# [The problem]
Word for word, restate the lines of the data below between those holding "Çatısı alevlere teslim" and "Набор конструктора поля", inclusive; pictures do not belong in the copy.

# [Exercise input]
+-------+

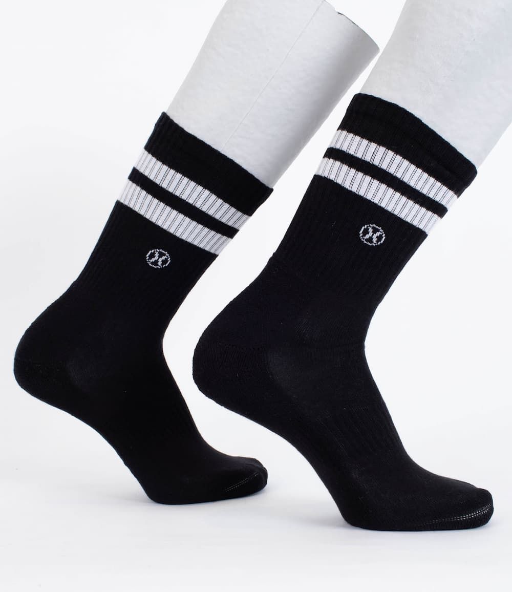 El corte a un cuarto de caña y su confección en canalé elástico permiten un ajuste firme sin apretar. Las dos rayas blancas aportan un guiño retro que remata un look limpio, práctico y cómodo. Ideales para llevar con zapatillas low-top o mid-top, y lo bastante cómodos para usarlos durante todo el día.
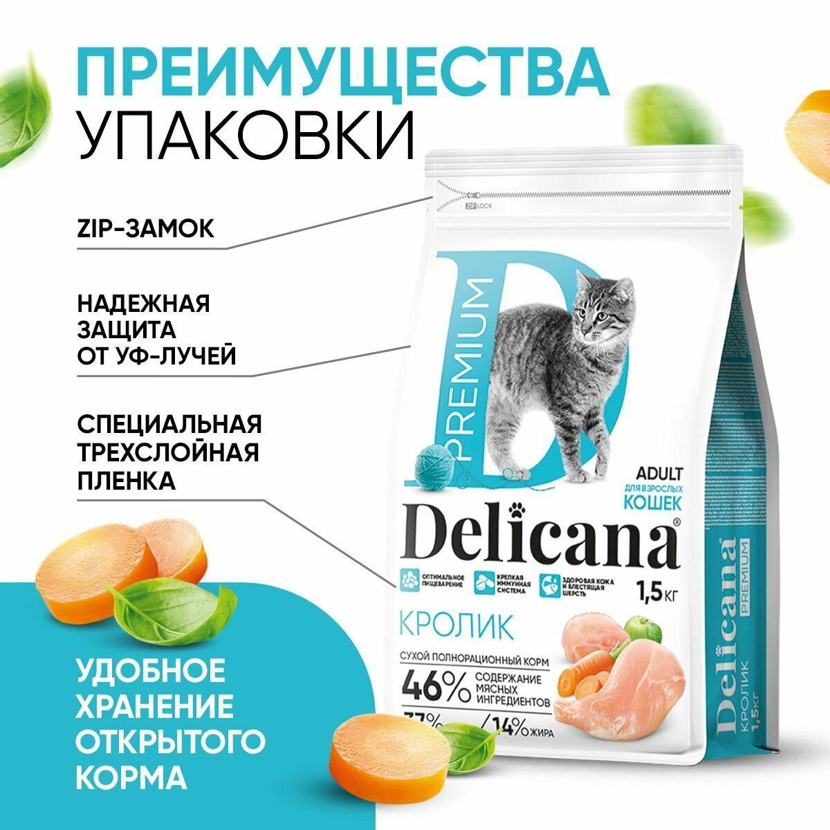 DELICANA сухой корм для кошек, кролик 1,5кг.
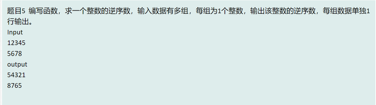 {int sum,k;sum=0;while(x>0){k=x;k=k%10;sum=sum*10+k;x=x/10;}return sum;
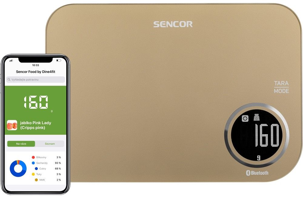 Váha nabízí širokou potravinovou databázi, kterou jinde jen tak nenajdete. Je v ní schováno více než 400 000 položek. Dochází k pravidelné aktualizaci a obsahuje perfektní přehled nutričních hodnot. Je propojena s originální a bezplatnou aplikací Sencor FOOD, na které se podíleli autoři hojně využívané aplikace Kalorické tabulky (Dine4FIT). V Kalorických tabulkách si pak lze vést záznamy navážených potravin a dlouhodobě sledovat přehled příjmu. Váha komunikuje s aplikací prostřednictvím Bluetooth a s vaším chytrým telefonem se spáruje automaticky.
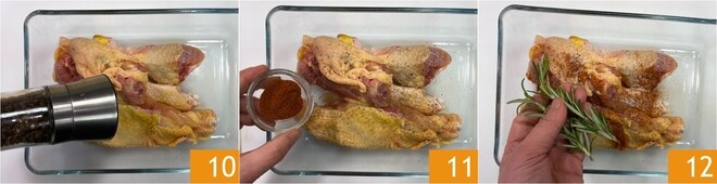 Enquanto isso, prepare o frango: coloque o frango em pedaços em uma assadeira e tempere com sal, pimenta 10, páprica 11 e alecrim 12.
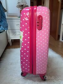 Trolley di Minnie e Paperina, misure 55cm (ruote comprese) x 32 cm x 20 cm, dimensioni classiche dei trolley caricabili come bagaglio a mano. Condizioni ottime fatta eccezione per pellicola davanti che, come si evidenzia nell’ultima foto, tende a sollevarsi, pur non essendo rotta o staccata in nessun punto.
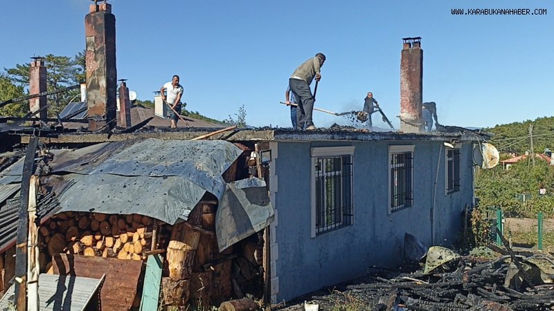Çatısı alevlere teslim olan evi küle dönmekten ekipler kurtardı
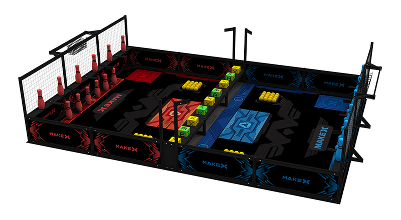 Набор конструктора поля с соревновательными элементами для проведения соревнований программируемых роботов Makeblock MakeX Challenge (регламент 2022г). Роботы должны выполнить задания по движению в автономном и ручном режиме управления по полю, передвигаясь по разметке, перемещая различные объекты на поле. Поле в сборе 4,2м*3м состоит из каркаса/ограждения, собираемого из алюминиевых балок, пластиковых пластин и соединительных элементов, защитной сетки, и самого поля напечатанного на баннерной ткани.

+-------+

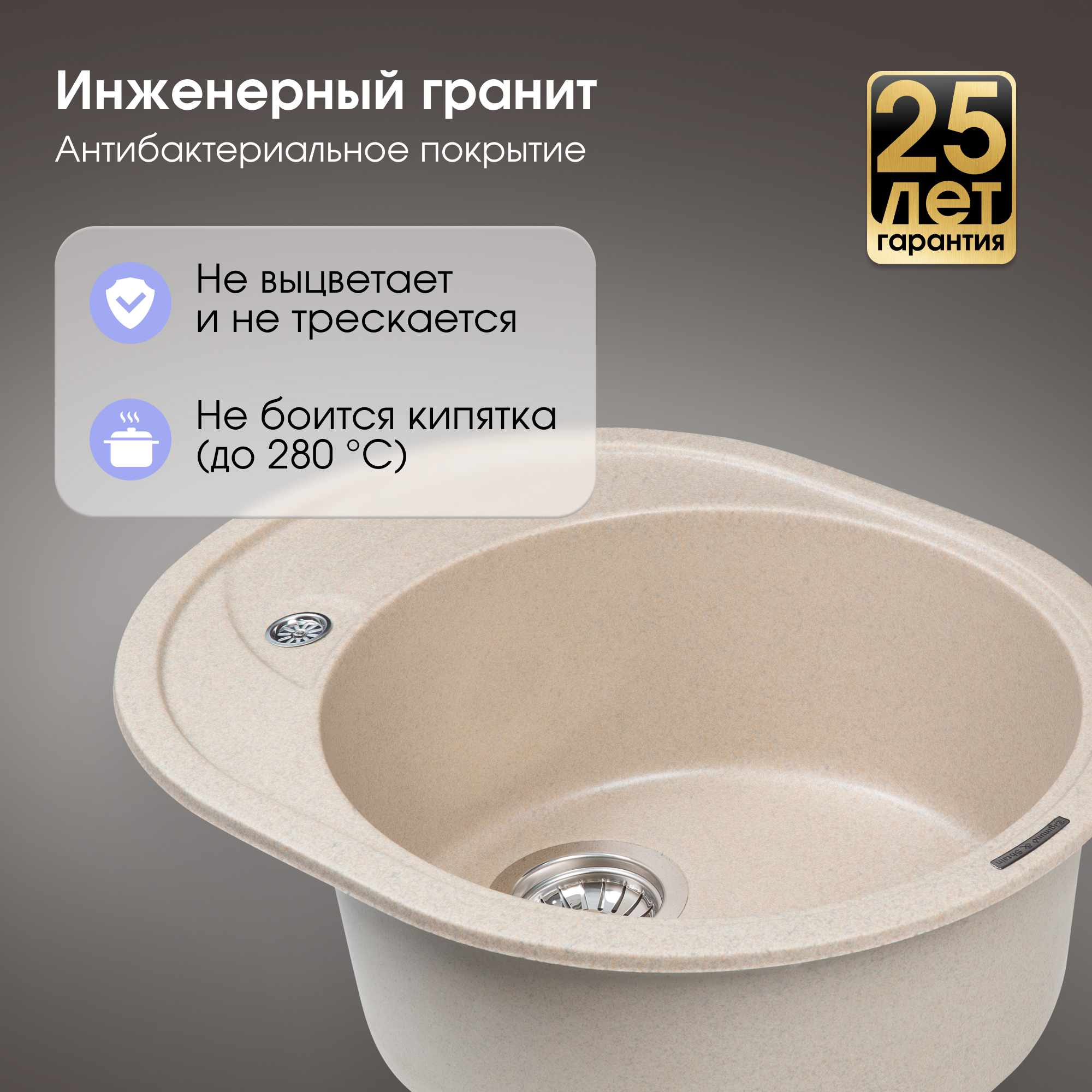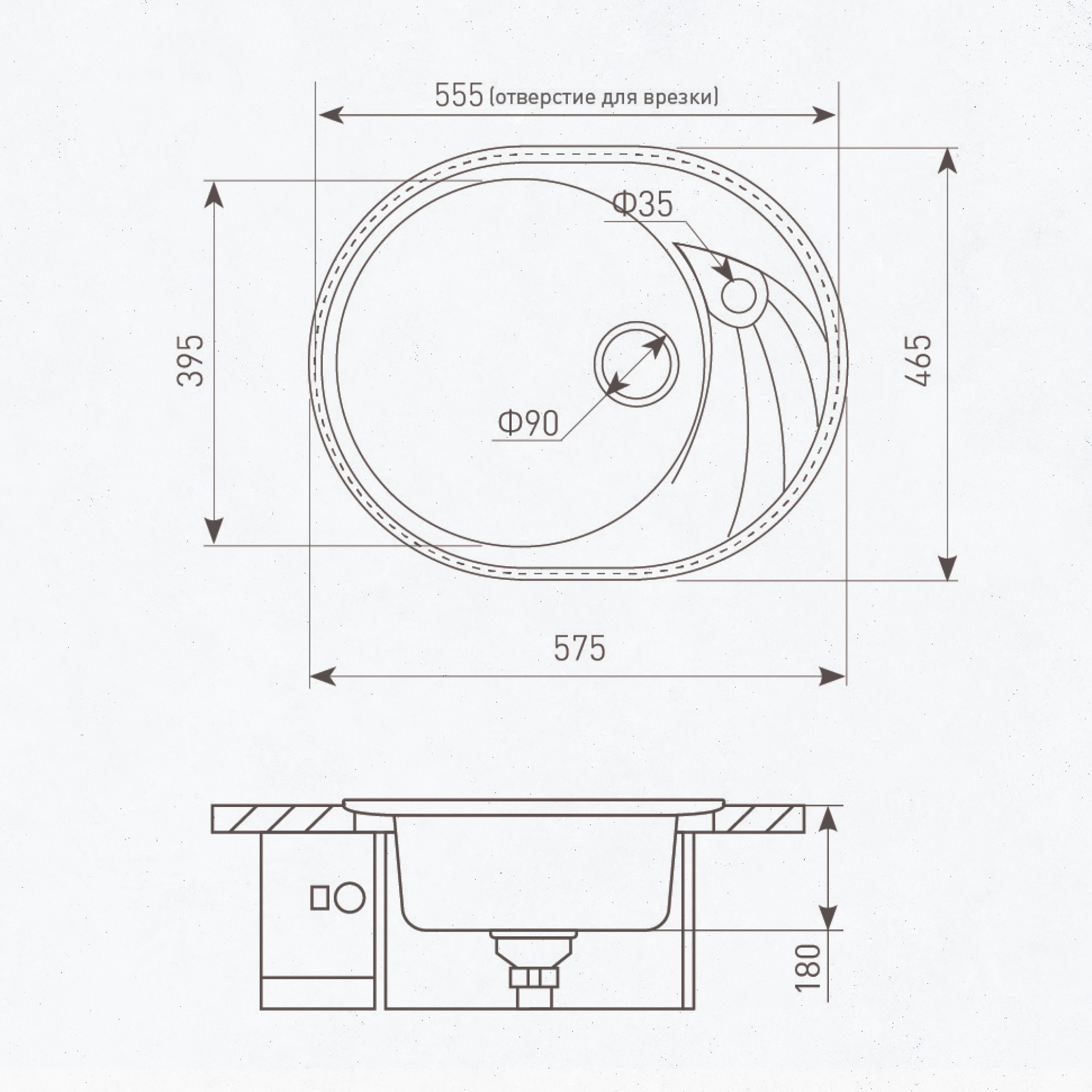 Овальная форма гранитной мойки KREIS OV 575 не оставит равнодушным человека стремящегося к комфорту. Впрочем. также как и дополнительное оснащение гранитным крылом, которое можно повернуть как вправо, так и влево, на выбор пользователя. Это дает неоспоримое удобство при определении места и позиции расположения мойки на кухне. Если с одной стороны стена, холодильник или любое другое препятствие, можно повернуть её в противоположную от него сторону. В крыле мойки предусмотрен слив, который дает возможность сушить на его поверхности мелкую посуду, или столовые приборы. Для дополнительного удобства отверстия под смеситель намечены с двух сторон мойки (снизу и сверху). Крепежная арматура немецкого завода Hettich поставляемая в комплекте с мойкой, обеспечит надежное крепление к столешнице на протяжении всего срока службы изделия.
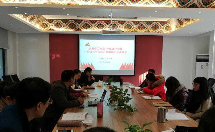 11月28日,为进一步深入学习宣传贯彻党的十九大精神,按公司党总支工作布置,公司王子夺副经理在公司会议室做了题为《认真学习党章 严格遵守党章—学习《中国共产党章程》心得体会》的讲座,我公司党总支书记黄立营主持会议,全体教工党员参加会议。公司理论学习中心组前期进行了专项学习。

+-------+

# [Answer to this problem]
Çatısı alevlere teslim olan evi küle dönmekten ekipler kurtardı
 Набор конструктора поля с соревновательными элементами для проведения соревнований программируемых роботов Makeblock MakeX Challenge (регламент 2022г). Роботы должны выполнить задания по движению в автономном и ручном режиме управления по полю, передвигаясь по разметке, перемещая различные объекты на поле. Поле в сборе 4,2м*3м состоит из каркаса/ограждения, собираемого из алюминиевых балок, пластиковых пластин и соединительных элементов, защитной сетки, и самого поля напечатанного на баннерной ткани.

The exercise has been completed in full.